# What needs to be done:
Output only the lines below from the one holding "Türkiye’de hizmet veren" down to the one holding "поділилися у ГУ ДСНС.", both end lines included and every picture dropped.

# Excerpted data:
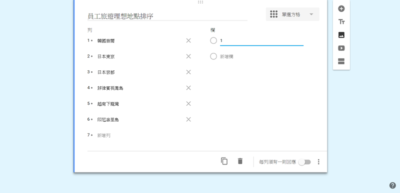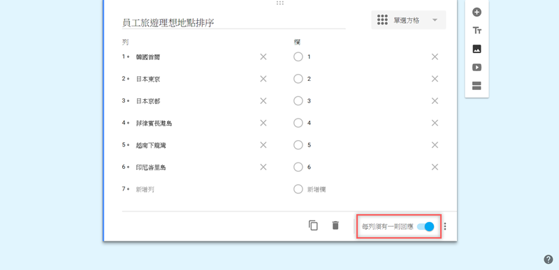 開啟「每列須有一則回應」避免有人少填或不填的情況。
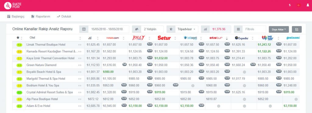 Türkiye’de hizmet veren konaklama tesislerinin online afişe satış fiyatları, RateFor ile yerli ve yabancı 16 online kanal özelinde istenilen kişi sayısı ve tarih aralığına göre çoklu bir şekilde ve tek ekranda raporlanabilecek.
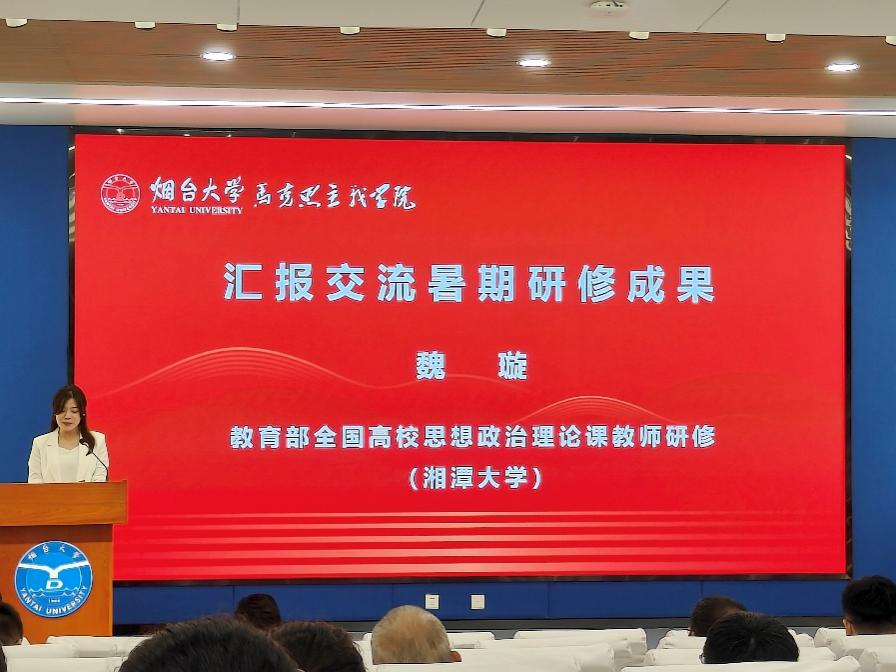 会上,公司参加教育部全国高校思想政治理论课教师研修班的教师代表汇报、分享了研修心得。其中,在湘潭大学研修基地研修的魏璇老师提到,思政课的生命力来源于真实体验与情感共鸣,今后会将研修中的感悟与思考融入课堂教学,用党的创新理论铸魂育人。
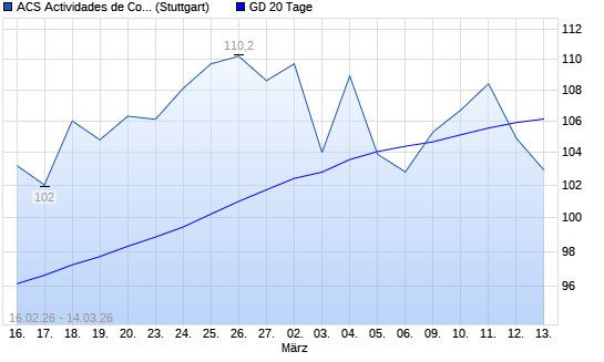 Mit dem Rücksetzer auf 103,40 EUR hat die ACS Actividades de Construccion y Servicios SA-Aktie am 13.03.2026 die 20-Tage-Linie nach unten gekreuzt.
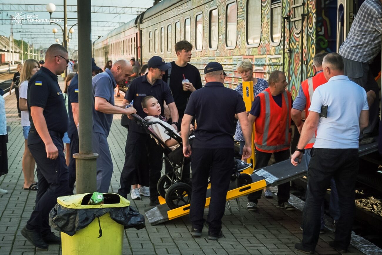 «Потягом на запрошення благодійної організації «Місія. Віфезда» для реабілітації та оздоровлення приїхали 16 дітей з інвалідністю, у супроводі дорослих. На пероні гостей зустріли рятувальники та психологи ДСНС, які надали всебічну підтримку. Співробітники Служби порятунку допомогли перенести речі та дістатися до автобуса, що відвезе прибулих до Реабілітаційного центру», – поділилися у ГУ ДСНС.
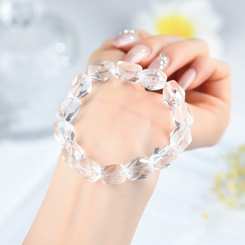 VZZS天然白水晶不规则随行单圈手链清新时尚经典手串饰品
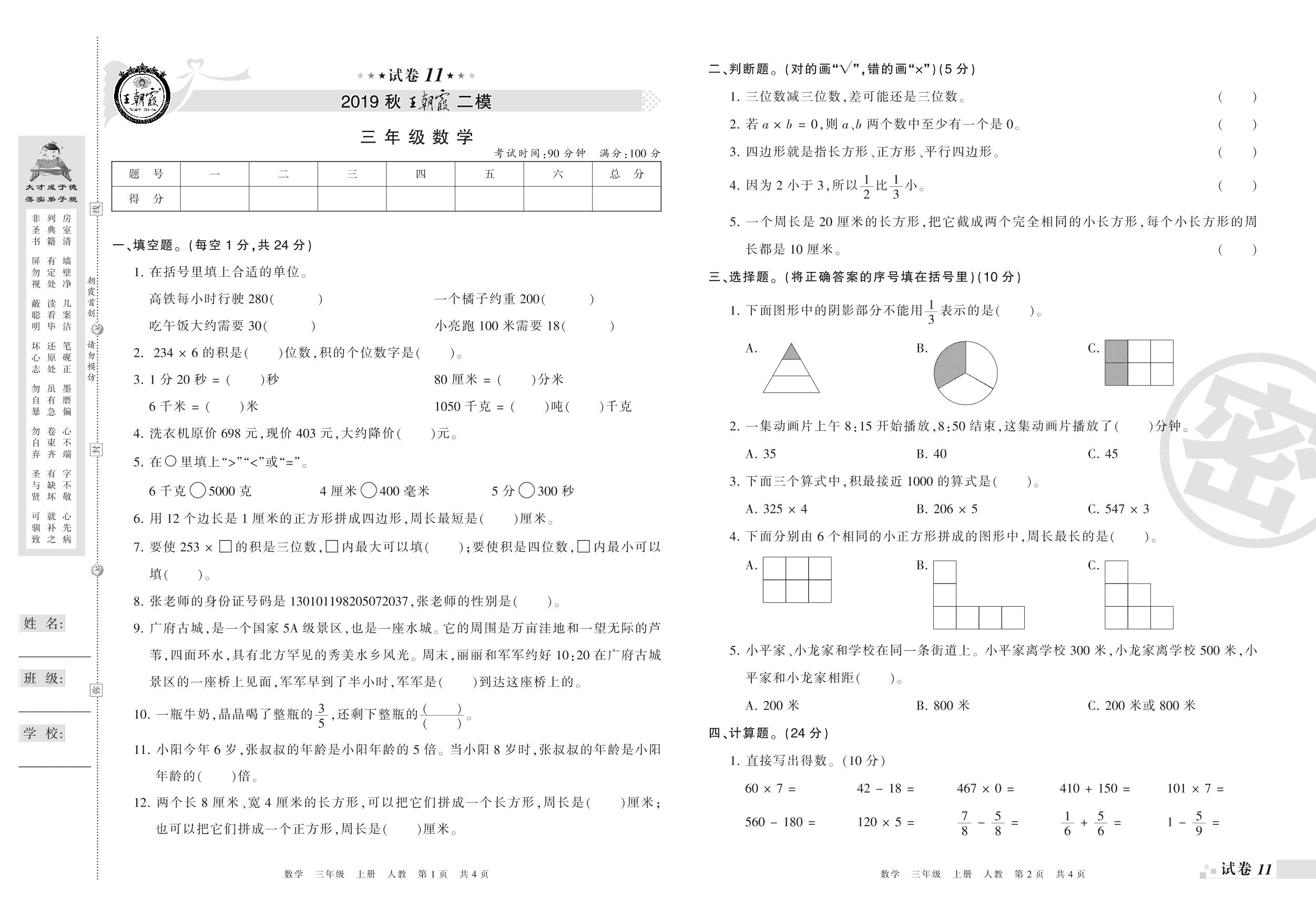 王朝霞期末模拟卷三年级上册数学(人教版)_R210804100106【11】
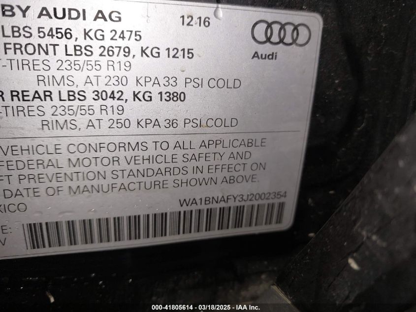 Цвет ЧерныйЦилиндры 4Привод Полный приводVIN WA1BNAFY3J2******Состояние НеизвестноПовреждения Передняя или задняя AutoRIA
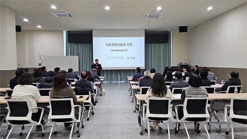 거창군은 지난 12월 17일 미래농업복합교육관 중교육장에서 관내 치유 농장 운영 농가, 웰니스 코디네이터, 치유 산업에 관심 있는 군민 등 30여 명을 대상으로 거창군 치유 산업 육성을 위해 전문가를 초청해 특강을 실시하고 소통간담회를 개최했다.이날 간담회는 2026년 치유 산업 사업계획(안) 안내를 시작으로 치유 산업

# Answer to this problem:
 Türkiye’de hizmet veren konaklama tesislerinin online afişe satış fiyatları, RateFor ile yerli ve yabancı 16 online kanal özelinde istenilen kişi sayısı ve tarih aralığına göre çoklu bir şekilde ve tek ekranda raporlanabilecek.
 会上,公司参加教育部全国高校思想政治理论课教师研修班的教师代表汇报、分享了研修心得。其中,在湘潭大学研修基地研修的魏璇老师提到,思政课的生命力来源于真实体验与情感共鸣,今后会将研修中的感悟与思考融入课堂教学,用党的创新理论铸魂育人。
 Mit dem Rücksetzer auf 103,40 EUR hat die ACS Actividades de Construccion y Servicios SA-Aktie am 13.03.2026 die 20-Tage-Linie nach unten gekreuzt.
 «Потягом на запрошення благодійної організації «Місія. Віфезда» для реабілітації та оздоровлення приїхали 16 дітей з інвалідністю, у супроводі дорослих. На пероні гостей зустріли рятувальники та психологи ДСНС, які надали всебічну підтримку. Співробітники Служби порятунку допомогли перенести речі та дістатися до автобуса, що відвезе прибулих до Реабілітаційного центру», – поділилися у ГУ ДСНС.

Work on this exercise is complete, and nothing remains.